歯科技工士が適合を確認する最終手段は「模型」です。これ以外にありませんね。
ですから、しっかりと模型を製作して、その模型に合わせて製作する事が正しい事となります。

稀に、模型上で精密に適合している補綴物が口腔内にまったく入らないという事態が起きます。

この原因はなんでしょうか?

・ 印象に起因する
・ 石膏に起因する
・ 模型製作に起因する
といった感じでしょうか?

印象が難しい作業であることは充分理解しています。
きたない印象は論外ですが、どれだけ綺麗に採れていても、マージンがはっきりと出ていても、全体に変形している事はあります。
この時見た目では分かりませんから,そのまま製作→不適合となりますね。

特に大きな症例などは、印象の変形に石膏の膨張、模型製作における変形も加わり模型上にどれだけフィットしていても口腔内では位置関係が合わないという事が多い訳です。
それだけ不完全な材料を使いながら、なんとか精度を上げようと皆努力するのです。

そのために、幾つかのピースに分けて、口腔内でパターンレジン等で連結後、取り込み印象して頂く事がある訳ですね。
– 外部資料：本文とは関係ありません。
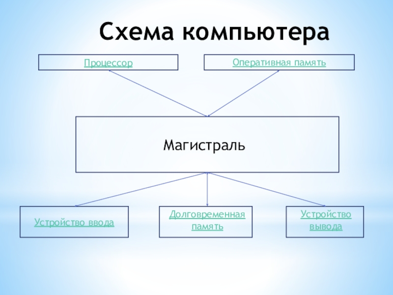 Схема компьютераМагистраль Процессор Оперативная памятьУстройство вводаДолговременная памятьУстройство вывода
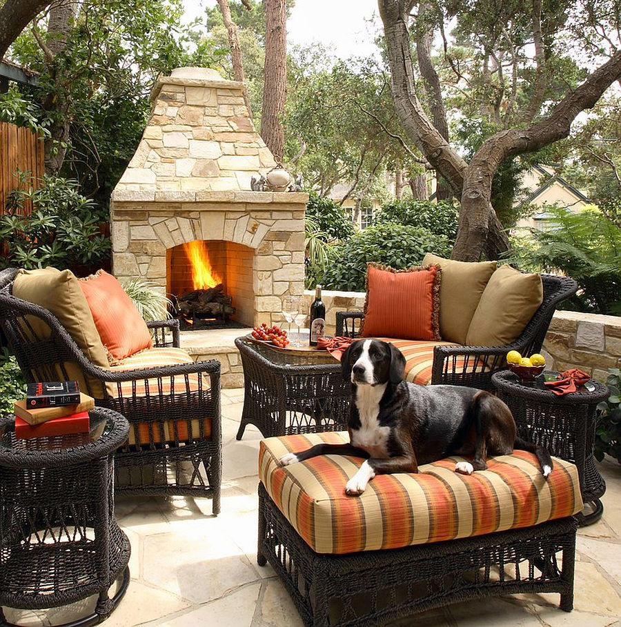Faites de la cheminée l'attraction principale de la cour. Créez un coin salon confortable pour que tout le monde puisse voir la cheminée et profiter de sa chaleur. Le résultat de vos efforts sera un lieu idéal pour les soirées.
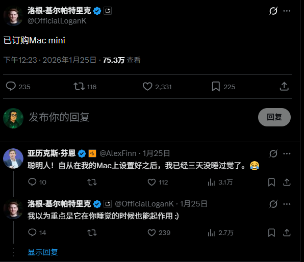 甚至连Google DeepMind的AI Studio负责人Logan Kilpatrick都发文说”Mac mini ordered”(我刚下单了一台Mac mini)——一个Google的AI负责人,公开表示去买苹果的电脑来跑开源AI项目,这个画面本身就充满了戏剧性。
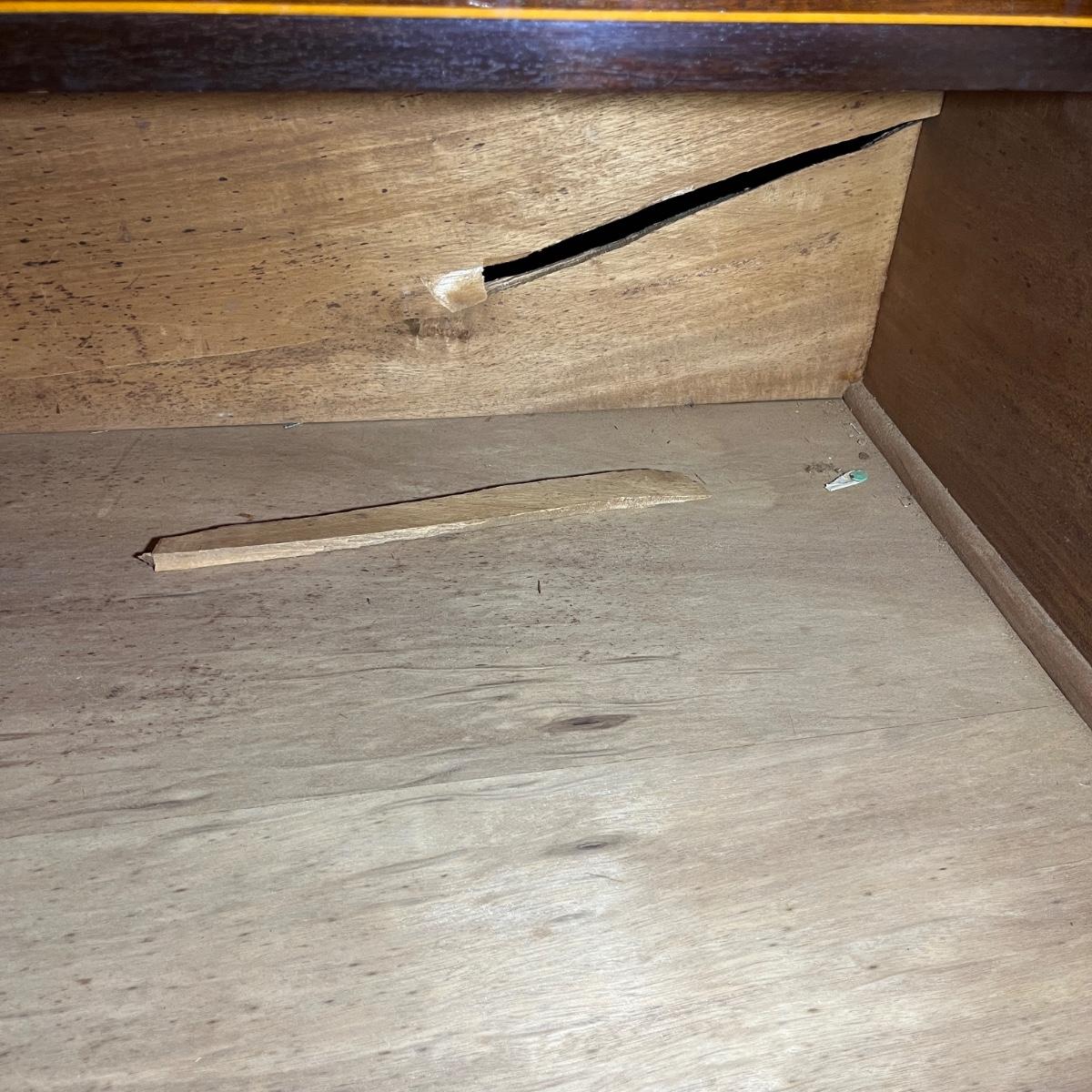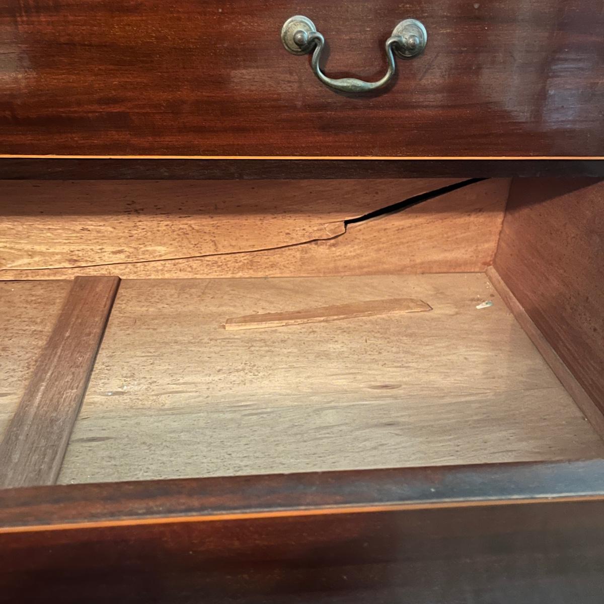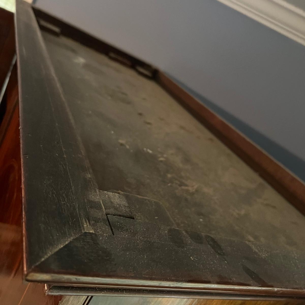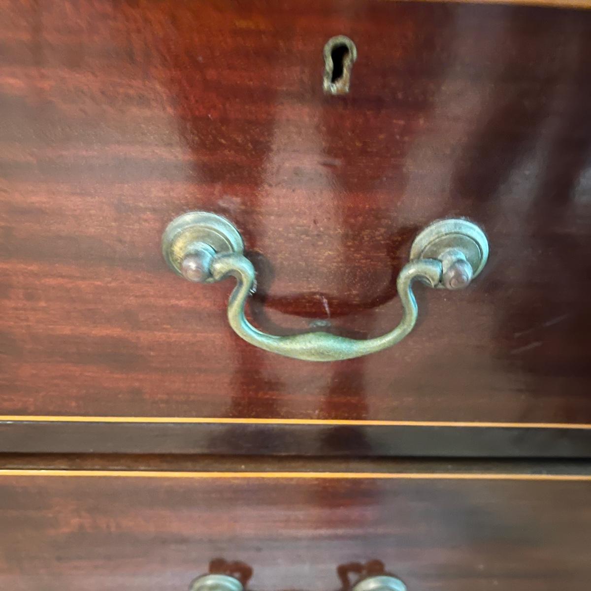 Lot includes an antique linen press that has four dovetailed drawers on the bottom and four drawers behind the cabinet doors. Appears to be a one piece unit. Includes keys. Estate owner states item is from England and over 200 years old but we cannot verify this. Item measures 48” x 24” x 78.5”H. Piece has gouge on side, see pictures and one leg is not attached.

しかし、こういった作業は手間もかかりますので、面倒と思われたり、その作業自体を知らなかったりして、やって頂けない事もあります。

「一発完成」と書かれている指示書もこういったリスクを背負う事を理解出来ていないためだと思いますが、そのリスクは、患者さんの再来院の手間・治療時間の増加、歯科医師の治療時間の増加もあります。
しかし全て作り直しをする歯科技工士の手間が一番負担が重いと感じますし、費やす時間も膨大です。

そういった作業や材料の問題点も、歯科医師と歯科技工士間で随分共有出来る様になったと思います。昔と比べれば。

しかし、もう少し根源的な解決策と意思や情報の共有、そしてそれにまつわるお金の問題をはっきりとさせて行かないと、「入る・入らない」の問題は無くなりそうにありません。
そんな事の積み重なりで、イヤになって辞めて行く歯科技工士の方もいらっしゃるのでねぇ。